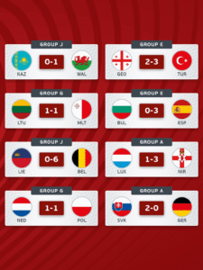 Në Grupin A, Gjermania pësoi një humbje tronditëse 2-0 kundër Sllovakisë, ndërsa në Grupin G, si Holandë-Poloni ashtu dhe Lituani-Maltë përfunduan 1-1.
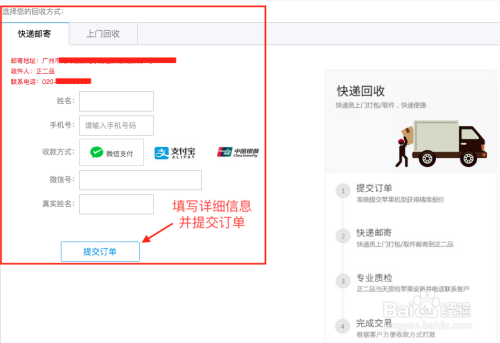 选择上门收受接管:填写具体上门地址,期待工作人员联系并上门收受接管
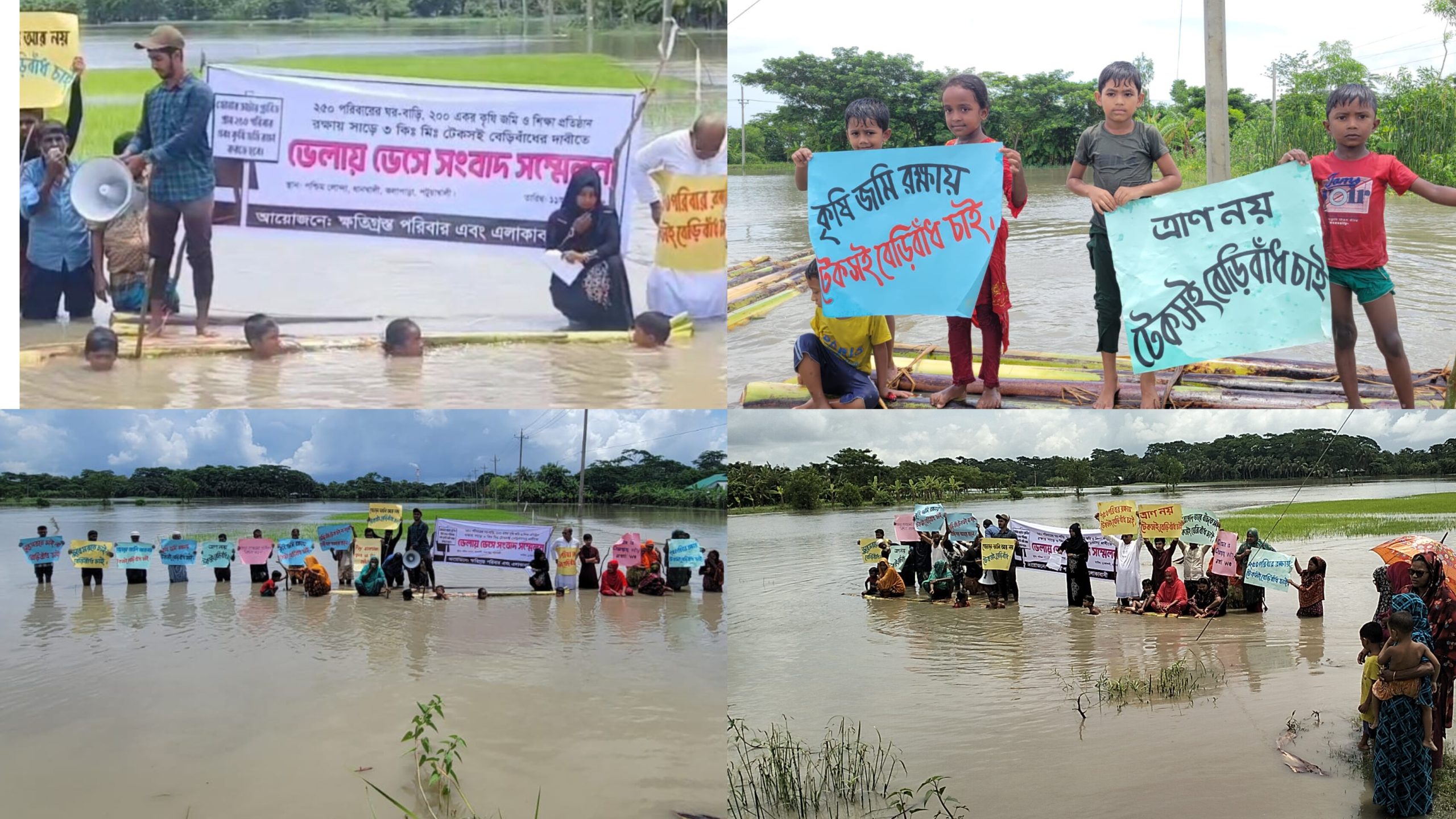 বক্তারা জানান, চার দশক ধরে বসবাস করলেও এই এলাকার মানুষ জোয়ার-ভাটায় ডুবি-ভাসি জীবনযাপন করছে। ঘূর্ণিঝড়, অস্বাভাবিক জোয়ার, অমাবস্যা-পূর্ণিমার প্লাবনে ঘরবাড়ি, রাস্তা-ঘাট, স্কুল ও কৃষিজমি তলিয়ে যায়। শিশুদের স্কুলে যাওয়া, রান্নাবান্না, অসুস্থ ও গর্ভবতী নারীদের চিকিৎসা গ্রহণ প্রায় অসম্ভব হয়ে পড়ে।
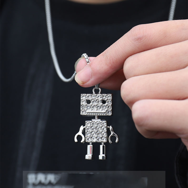 Japanese and Korean-style Full Diamond Robot Titanium Steel Necklace Hip-hop Street Pendant Sweater Chain Sweater Long Cold Style Accessories
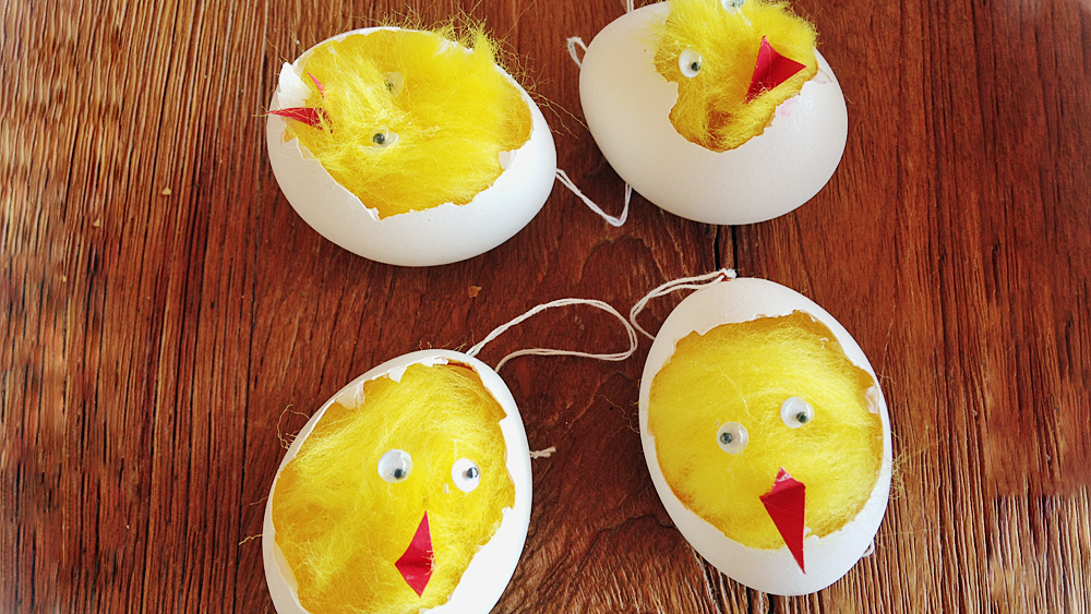 Ei auspusten und das Loch mit einer Pinzette aus der Schale herausbrechen. Tipp: Die Fläche vorher mit einer Nadel perforieren. Anschließend einfach gelbe Watte in das Ei füllen, Augen und einen kleinen Schnabel aufkleben - fertig!
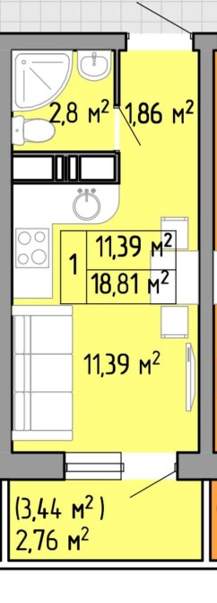 • Загальна площа 19 м2

--------------------------------

**ASSIGNMENT**
Leave the pictures out and reproduce exactly the lines from the line with "Japanese and Korean-style" to the end of the material above.

**RESPONSE AREA**
 Japanese and Korean-style Full Diamond Robot Titanium Steel Necklace Hip-hop Street Pendant Sweater Chain Sweater Long Cold Style Accessories
 Ei auspusten und das Loch mit einer Pinzette aus der Schale herausbrechen. Tipp: Die Fläche vorher mit einer Nadel perforieren. Anschließend einfach gelbe Watte in das Ei füllen, Augen und einen kleinen Schnabel aufkleben - fertig!
 • Загальна площа 19 м2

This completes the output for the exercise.